Espínola Filho, por sua vez, já advertia "que o inquérito não é atribuição exclusiva da autoridade policial, é ponto assente, muito comuns sendo os inquéritos administrativos.

"O Código de processo penal, no art. 4º., parágrafo único, ressalva, do modo mais claro, a pertinência desses inquéritos extrapoliciais, acentuando que a competência dada no inquérito à polícia judiciária, exercida por autoridades policiais, não exclui a de autoridades administrativas, para promoverem inquéritos, quando a isso legalmente autorizadas." (13)

O Superior Tribunal de Justiça assim já se manifestou:

"Como procedimento meramente informativo que é, o inquérito policial pode ser dispensado se o titular da ação penal dispuser de elementos suficientes para o oferecimento da denúncia." (DJU, 08/06/92, p. 8.594).

O Supremo Tribunal Federal também já decidiu:

"A inexistência de inquérito policial não impede a denúncia, se a Promotoria dispõe de elementos suficientes para a formulação da demanda penal – Existência, no caso, de indícios suficientes para afastar a alegação de falta de justa causa para a denúncia. Habeas Corpus indeferido." (STF, Habeas Corpus n.º 70.991-5, Rel. Min. Moreira Alves).

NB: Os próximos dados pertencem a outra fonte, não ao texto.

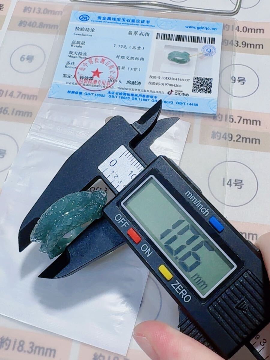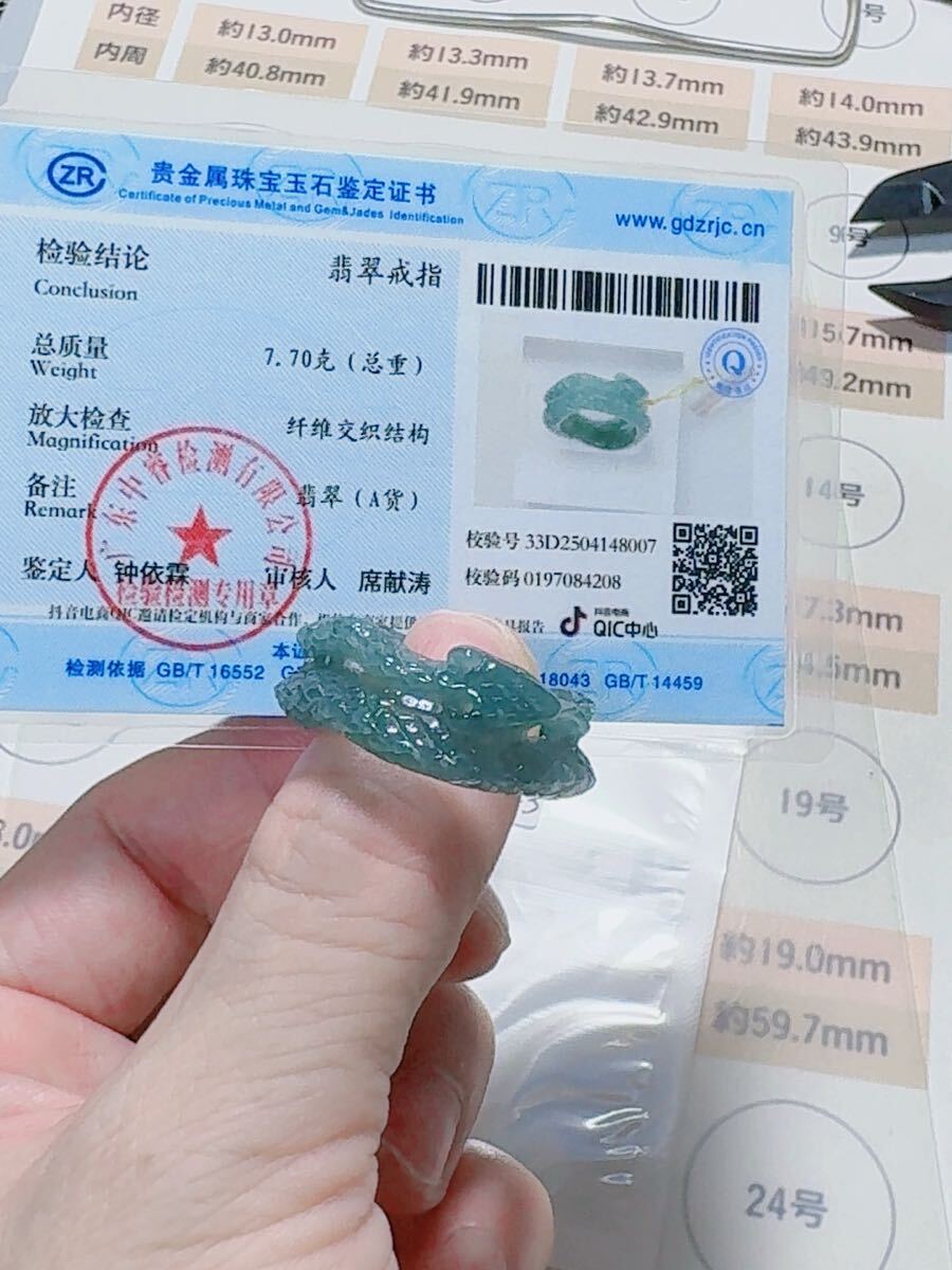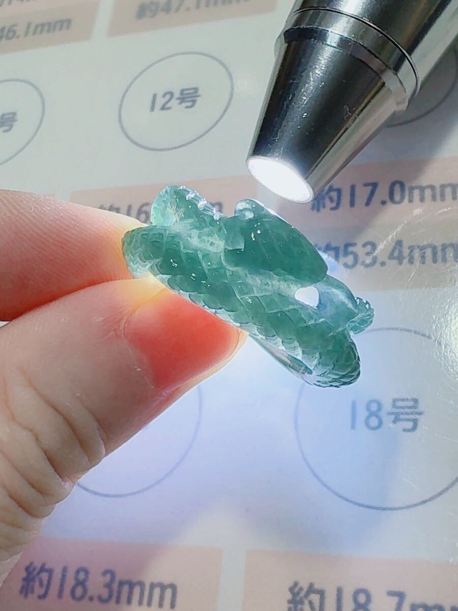 R2-02043天然本翡翠《本物保証》 藍水翡翠 ヘビちゃん指輪約23号 一点物 希少 縁起物 お守り 魔除け 昇進 成功 風水 金運財運幸運 幸福

Especificamente sobre o poder investigatório do Ministério Público veja-se:

"O MP tem legitimidade para proceder a investigações ou prestar tal assessoramento à Fazenda Pública para colher elementos de prova que possam servir de base a denúncia ou ação penal. A CF/88, no art. 144, § 4º., não estabeleceu com relação às Polícias Civis a exclusividade que confere no § 1º., IV, à Polícia Federal para exercer as funções de Polícia Judiciária." (RT, 651/313).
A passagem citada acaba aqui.